Questions: Choose the parabola with the narrowest graph. y=-4 x^2 y=1/2 x^2 y=-2 x^2 y=-1/3 x^2

Transcript text: Choose the parabola with the narrowest graph. $y=-4 x^{2}$ $y=\frac{1}{2} x^{2}$ $y=-2 x^{2}$ $y=-\frac{1}{3} x^{2}$

Solution

Solution Steps

To determine which parabola has the narrowest graph, we need to compare the coefficients of $x^2$ in each equation. The narrower the parabola, the larger the absolute value of the coefficient. We will convert all equations to the form $y = ax^2$ and then compare the absolute values of $a$.

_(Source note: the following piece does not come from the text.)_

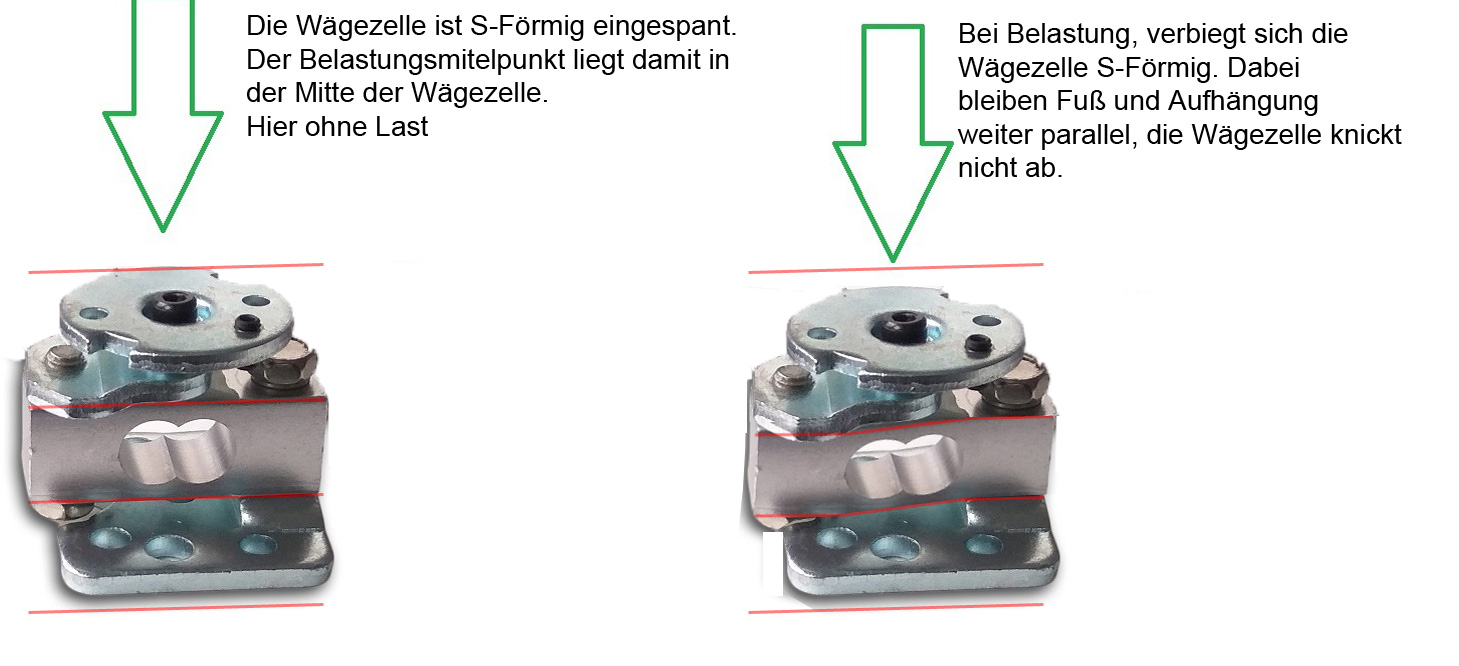 Bei einer Verformung drückt sich die Wägezelle S-Förmig durch und es entstehen vier Knickstellen. An allen 4 Knickstellen sind, sowohl oben wie auch unten, mehrere DMS-Sensoren angebracht. Damit kann die Kraft mit der eine Wägezelle zusammen gedrückt wird deutlich genauer ermittelt werden als bei einem einfachen Biegebalken. Der "Doppelbiegebalken" ist übrigens die Technik, mit der alle G&G-Plattformwaagen arbeiten. Von der knapp 60 € teuren PSB bis zur 600 € teuren TC.

Step 1: Identify the Parabolas

The given parabolas are:

$ 9y = -4x^2 $ which can be rewritten as $ y = -\frac{4}{9}x^2 $
$ y = \frac{1}{2}x^2 $
$ y = -2x^2 $
$ y = -\frac{1}{3}x^2 $

Step 2: Determine the Coefficients

The coefficients of $ x^2 $ for each parabola are:

For $ y = -\frac{4}{9}x^2 $, the coefficient is $ -\frac{4}{9} $
For $ y = \frac{1}{2}x^2 $, the coefficient is $ \frac{1}{2} $
For $ y = -2x^2 $, the coefficient is $ -2 $
For $ y = -\frac{1}{3}x^2 $, the coefficient is $ -\frac{1}{3} $

Step 3: Calculate Absolute Values

The absolute values of the coefficients are:

$ \left| -\frac{4}{9} \right| = \frac{4}{9} \approx 0.4444 $
$ \left| \frac{1}{2} \right| = \frac{1}{2} = 0.5 $
$ \left| -2 \right| = 2 $
$ \left| -\frac{1}{3} \right| = \frac{1}{3} \approx 0.3333 $

Step 4: Identify the Narrowest Parabola

The largest absolute value among the coefficients is $ 2 $, which corresponds to the parabola $ y = -2x^2 $. This indicates that this parabola has the narrowest graph.